Boys Troop 159 and girls Troop 159 each meet about a mile from the site of the fatal crash. Scouts and families from those troops were joined at the vigil by Scouts and families from Pack 59, Troop 63 and Ship 2.

About 31 people gathered to sing songs like “Amazing Grace” and “Jesus Loves Me” and hear messages of hope and healing from local faith leaders.

“We raised our candles in memory of the six who died and their families,” Kieso says. “It was our way to honor the 12th point of the Scout Law: a Scout is reverent.”

Some of the Scouts didn’t just want to help others heal; some needed healing themselves. Kieso says some of his Scouts are in their school’s marching band and had just finished their performance in the parade before the deadly crash.

“With this tragedy, the whole community hurts,” Kieso says. “And with the holidays upon us all, the hurt multiplies.”

Planning the vigil

Steven Kocovsky, assistant Scoutmaster of boys Troop 159, helped Kieso plan the event. Most Troop 159 activities are planned entirely by the Scouts, but the timing and sensitive nature of this one required more adult involvement.

“We adult leaders knew that our youth would be unable to fully process this tragedy,” Kocovsky says. “We provided this opportunity on the spur of the moment so that our Scouts could heal.”

On the night of the crash, adults in Troop 159 sent word to Scouts and their families of the upcoming vigil fire bowl ceremony, to be held at St. Mary’s Catholic Parish, the troop’s meeting site.

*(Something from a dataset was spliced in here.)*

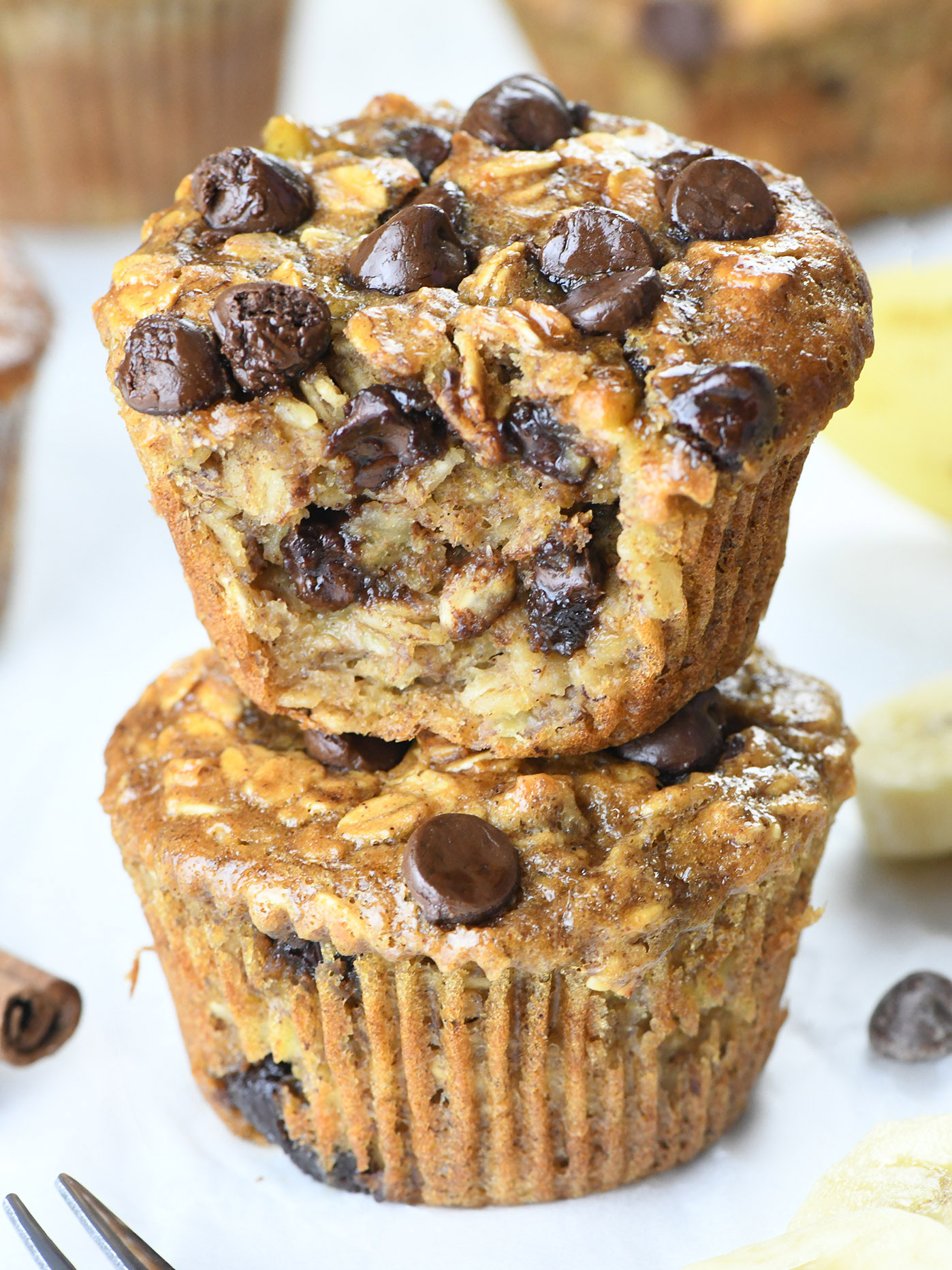 Stacked banana peanut butter baked oatmeal cups with chocolate chips and rolled oats

“We asked them to prepare any prayers and heartfelt messages to share around the vigil fire in two days’ time,” Kocovsky says. “They were allowed an opportunity to be consoled and to console one another.”

On the night of the event, emotions were mixed. Some Scouts were sad and quiet. Others were angry and frustrated and full of questions.

“We shared our thoughts and prayers with each other,” Kocovsky says. “A true sense of Scout and community bonding took place. We felt loved and cared for.”

While Kocovsky hopes that no other Scout family has to deal with such a tragedy, he did share some lessons learned from planning an event focused on healing after heartbreak.

He says to have a plan that addresses the physical, social and emotional needs of the Scouts, their families and the community. And to plan a safe place and time to meet, communicating all details clearly.

The importance of Scouting

The candlelight vigil was hardly the first time that the community of Waukesha heard from local Scouts. They see them everywhere — at Scouting for Food events, fish fries, church festivals, Eagle Scout service projects and “anywhere else our Scouts and families can participate,” Kieso says.

After the crash, it only felt natural for the Scouts to make their presence known yet again.

“When someone feels the need, others may too, though we may be afraid or embarrassed to say something,” Kieso says. “Like planting a seed, with careful nurturing, it will grow and multiply.”